A choice had to be made between the Angels and the unnamed club. Holt and Snyder, director of pro scouting, offered strong endorsements of Bradish. Domestic scouting supervisor Brad Ciolek also was involved.

“We really liked him, and we were trying to decide, are we going to go the Angels or the other team, and Mike and Chris Holt talked, and the other package was a pitching prospect, too, and those guys were like, ‘We like Bradish,’” Elias recalled. “So then, we tried to build out the package a little bit, have some extra arms in there, but Bradish was the main piece, even though he was like a 20th prospect or something at the time.”

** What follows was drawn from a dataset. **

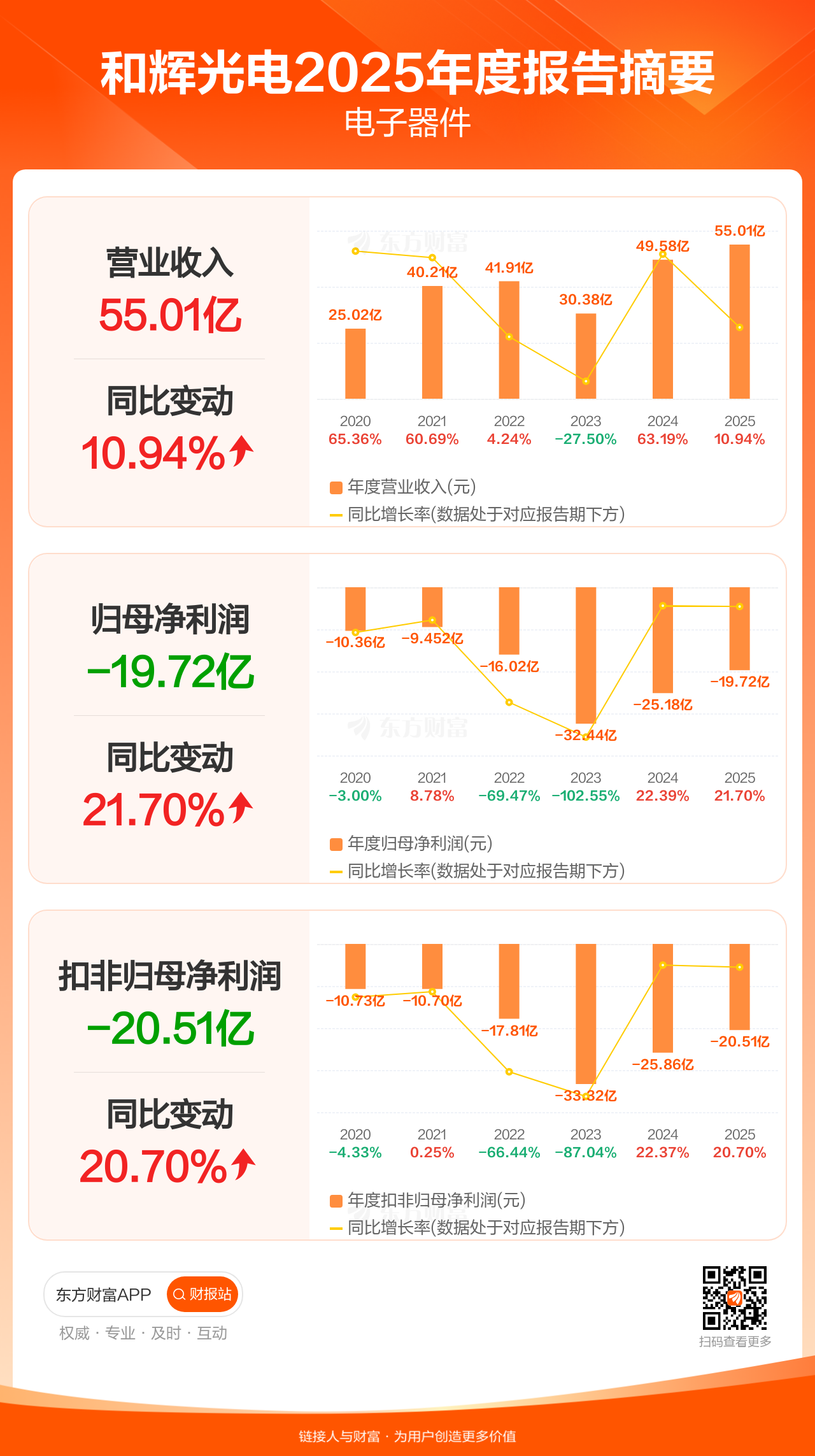 和辉光电4月29日发布2025年年报显示,公司全年实现营业收入55.01亿元,同比增长10.94%;归母净利润-19.72亿元;扣非归母净利润-20.51亿元。

Minor league pitchers Isaac Mattson, Zack Peek and Kyle Brnovich came with Bradish, the only ranked prospect by MLB Pipeline at No. 21, and they are no longer in the organization. Brnovich was released earlier this summer. The Brewers selected Peek in the Triple-A phase of the 2024 Rule 5 draft. Mattson was released in July 2022, pitched in the independent Atlantic League in 2023, signed with the Twins and has a 1.95 ERA this summer in 34 appearances with the Pirates.

“I was just rehabbing in Triple-A with Brno before he got released,” Bradish said. “I still talk to Peek and Mattson every so often. We keep in touch.”

Elias said one of the “driving factors” behind wanting Bradish was the starter’s pitch mix that would expand later.

“He didn’t have the two-seamer yet, but there was the four-seamer, the nasty curveball, the nasty slider,” Elias said. “The changeup had a lot of work to do. I think Holt in particular liked how he had weapons for both bat sides. The breaking balls were plus pitches back in A ball. And I think his command got better in our system. His changeup got a little better, and he added that two-seamer, which was a game changer.

“But from the minute we got him, first phone call once we traded for him, we could just tell this guy’s got a winning attitude and a work ethic and an understanding of who he is and what he needs to do to get better.”

Bradish said he was in shock initially but felt differently after talking it over with his fiancée.

“You know it happens but you don’t think it’s gonna happen to you, and then once we sat down and actually processed everything, we thought that it was a really good opportunity to come in here and kind of be a guy for the O’s,” Bradish said.

“I know a lot of people think like, the team that’s trading you away, they didn’t want you. I took it as that the Orioles wanted me, so I thought it was a good opportunity to go in, have a fresh start and come into a good situation here.”

Hitting big on one out of four pitchers counts as a win for the Orioles. They’ll never regret their decision or question the process.

“I can’t say we were shocked. I think it would have been a bonus if any of those guys had made any kind of impact. The trade was really about Bradish,” Elias said.

“Usually when you do a trade, even if you get a headliner that you like, especially for a pitcher -Bundy had, what, two years of control left or something - you’re usually able to get a little bit of a package. But we usually try to make it about the headliner.”

Bradish is the featured performer again tonight as the Orioles open their three-game series against the Padres. He won't attract the same ovations away from home. Similar results will suffice. 

“I thought he looked spectacular,” Elias said. “Obviously, it’s not like he’s got to do that every time. I imagine there are going to be speed bumps, so I don’t want to set expectations that he’s got to punch out 11 guys every time the rest of 2025.

“I wish we had won the game, but it was a super happy moment for everybody. We’ve had so many injuries and some rehabs that have not come to fruition. Just to get him back looking exactly like himself was great. And the pitching coaches had the utmost confidence that he was gonna pitch really well in that game, just knowing him. So they were right.”